Estado, Ambiente e Movimentos Sociais
Informações do documento
Autor | Frederico Viana Machado |
instructor/editor | Ana Lídia Campos Brizola |
Escola | Universidade Federal de Santa Catarina (UFSC) |
subject/major | Ciências Sociais, Psicologia Social, Estudos Ambientais |
Tipo de documento | Livro |
Local | Florianópolis |
Idioma | Portuguese |
Formato | |
Tamanho | 2.41 MB |
Resumo
I.Institucionalização de Movimentos Sociais e Políticas Públicas no Brasil
Este estudo analisa a institucionalização de movimentos sociais, como os movimentos negros e LGBT, durante os governos Lula (2003-2010) e Dilma Rousseff. A pesquisa compara os resultados de duas pesquisas de doutorado (Machado, 2013; Rodrigues, 2014), focando na participação política, na construção de políticas públicas, e nas tensões entre a inclusão e a hegemonia. A análise demonstra diferenças significativas no tratamento dado a cada movimento, com o movimento negro obtendo maior sucesso na igualdade racial do que o movimento LGBT na liberdade sexual, enfrentando desafios relacionados à homofobia e à moralização da política. A Lei 7.716 (1989) e a criação da Fundação Cultural Palmares são exemplos de avanços e limitações na promoção da igualdade racial. A Política Nacional de Resíduos Sólidos (PNRS), promulgada em 2010, representa um avanço para a economia solidária, principalmente para cooperativas de catadores. O estudo também destaca o papel do Partido dos Trabalhadores (PT) na relação com os movimentos sociais e na inclusão política.

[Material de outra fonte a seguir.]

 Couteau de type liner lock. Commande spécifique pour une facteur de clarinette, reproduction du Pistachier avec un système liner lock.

1. Comparação entre a Institucionalização de Movimentos Negros e LGBT
O texto compara a institucionalização de movimentos negros e LGBT durante os governos Lula e Dilma, baseando-se em duas pesquisas de doutorado (Machado, 2013; Rodrigues, 2014). A análise centra-se nas diferenças no nível de sucesso na obtenção de políticas públicas e na inclusão política. Observa-se que o movimento negro alcançou maior sucesso na promoção da igualdade racial, enquanto o movimento LGBT enfrentou maiores obstáculos relacionados à homofobia e à resistência política a pautas como a descriminalização do aborto e a livre orientação sexual. O posicionamento do governo federal, inicialmente enfático e comprometido com as demandas LGBT, tornou-se ambíguo nos últimos anos do governo Lula e ainda mais reticente no governo Dilma, exemplificado pelo veto ao 'kit anti-homofobia' e a uma campanha de prevenção às DST/AIDS. A pesquisa destaca as dificuldades das categorias LGBT em incorporar suas especificidades em outras pautas, contrastando com a maior facilidade do movimento negro em construir alianças e solidariedade, inclusive com setores mais conservadores da sociedade.

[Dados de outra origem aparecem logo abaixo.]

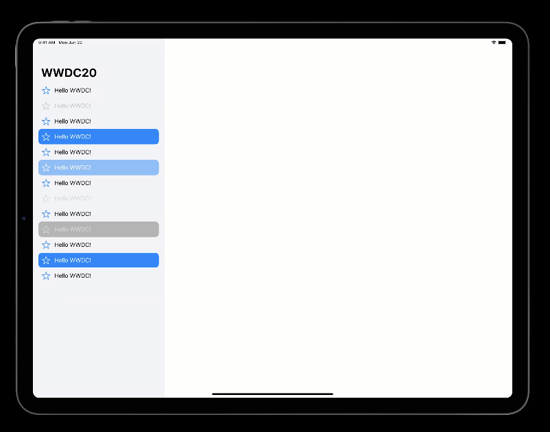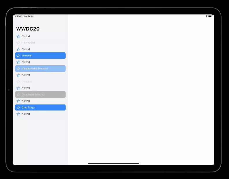 그래서 sidebar 스타일로 셀을 만든 화면을 보면 위와 같습니다. 그리고 상태에 따라 background와 content 모양도 바뀌는 것을 볼 수 있어요.

2. Análise da Lei 7.716 1989 e da Fundação Cultural Palmares
O estudo analisa a Lei n. 7.716 de 1989, que visava definir crimes resultantes de preconceito racial, e a criação da Fundação Cultural Palmares. Apesar da intenção de combater o racismo, os vetos presidenciais à Lei 7.716 limitaram seu alcance, tornando-a similar à Lei Afonso Arinos de 1951. A análise argumenta que tanto a Fundação Cultural Palmares quanto a legislação sobre crimes de racismo não romperam, politicamente, com o imaginário nacional que vê negros e indígenas apenas como objetos culturais e não como cidadãos plenos de direitos. Este imaginário, segundo Guimarães (2002), reconhece a contribuição histórica da população negra, mas não garante a sua plena cidadania. A pesquisa demonstra, portanto, as limitações de ações governamentais em superar representações sociais arraigadas, mesmo com a criação de instituições dedicadas à promoção da igualdade racial.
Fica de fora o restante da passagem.